The task —
Nothing should appear in the answer except the lines below from the line containing "Como resultado de" through the line containing "Geometrický vzor, design", copied exactly, with pictures left out.

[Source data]
##########
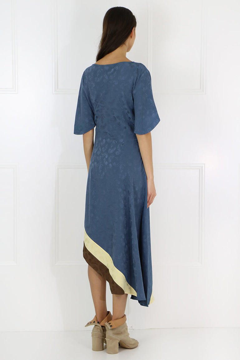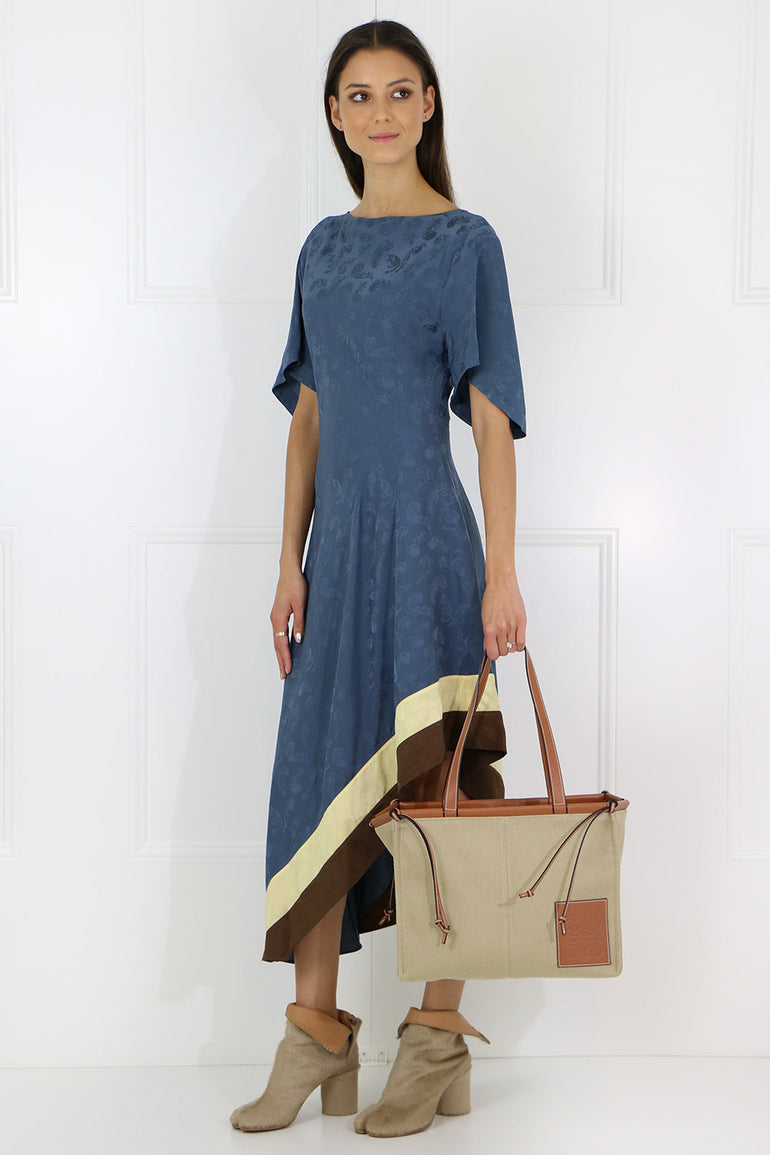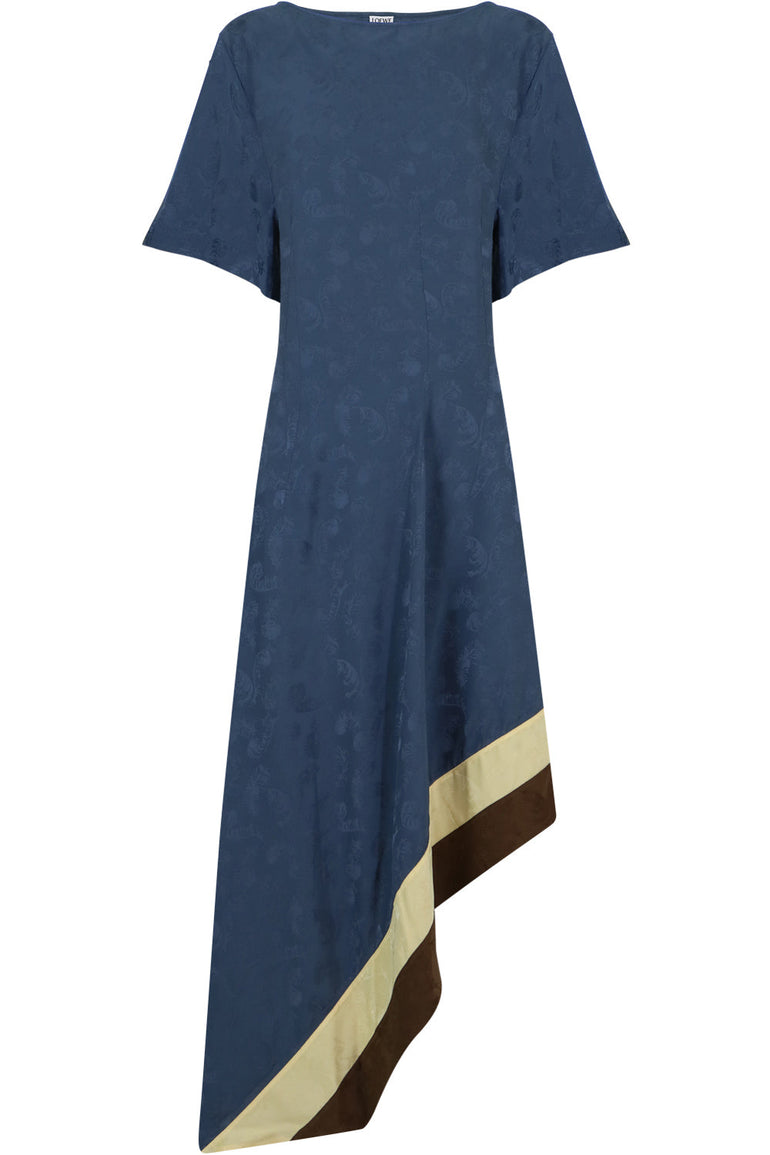 Loewe不对称连衣裙是一款短袖风格,具有总装饰印刷品和不对称的HEMLINE。
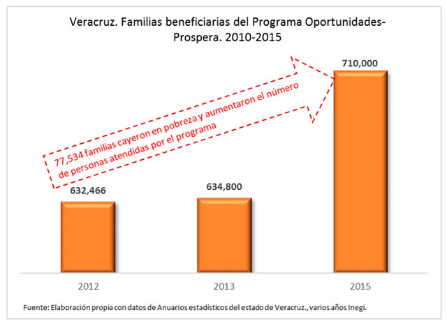 Como resultado de este brutal incremento del número de pobres, Veracruz ocupa en 2015 el primer lugar entre los estados que tiene el mayor número de familias pobres atendidas con el programa Prospera, más de 700 mil familias según lo informó ufano y orgulloso el gobernador de Veracruz Javier Duarte (http://www.alcalorpolitico.com/informacion/veracruz-primer-lugar-nacional-de-beneficiarios-de-prospera-registra-mas-de-700-mil-duarte-160894.html). Aunque la cifra es más bien para provocar mucha vergüenza y preocupación porque corrobora que efectivamente la pobreza está incrementándose en el estado de Veracruz.
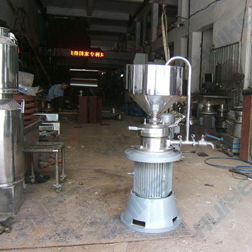 2、機器配立式電動機,膠體磨機體與電機連體同軸心結(jié)構(gòu),故又稱連體式膠體磨。
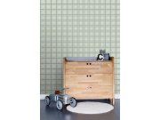 Geometrický vzor, design hrubé textilie s jemně plastickou nepravidelnou texturou v odstínech zelené. Podklad vlies, povrch vinyl.
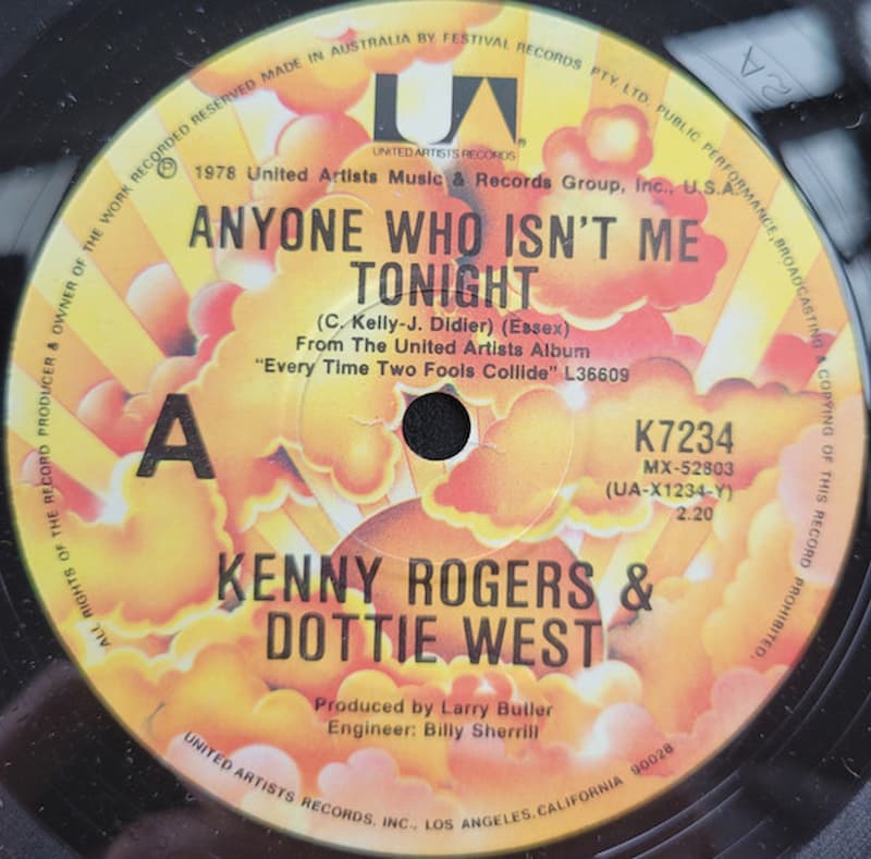 “Anyone Who Isn’t Me Tonight” is a duet recorded by Kenny Rogers and Dottie West and released in August 1978 as the second single from their collaborative album Every Time Two Fools Collide. Written by Julie Didier and Casey Kelly, the track was produced by Larry Butler and recorded at Jack Clement Recording Studio in Nashville. The single followed the commercial success of the pair’s earlier collaboration and helped cement Rogers and West as a regular duet partnership in country music during the late 1970s.
##########
Exercise answer —
 Como resultado de este brutal incremento del número de pobres, Veracruz ocupa en 2015 el primer lugar entre los estados que tiene el mayor número de familias pobres atendidas con el programa Prospera, más de 700 mil familias según lo informó ufano y orgulloso el gobernador de Veracruz Javier Duarte (http://www.alcalorpolitico.com/informacion/veracruz-primer-lugar-nacional-de-beneficiarios-de-prospera-registra-mas-de-700-mil-duarte-160894.html). Aunque la cifra es más bien para provocar mucha vergüenza y preocupación porque corrobora que efectivamente la pobreza está incrementándose en el estado de Veracruz.
 2、機器配立式電動機,膠體磨機體與電機連體同軸心結(jié)構(gòu),故又稱連體式膠體磨。
 Geometrický vzor, design hrubé textilie s jemně plastickou nepravidelnou texturou v odstínech zelené. Podklad vlies, povrch vinyl.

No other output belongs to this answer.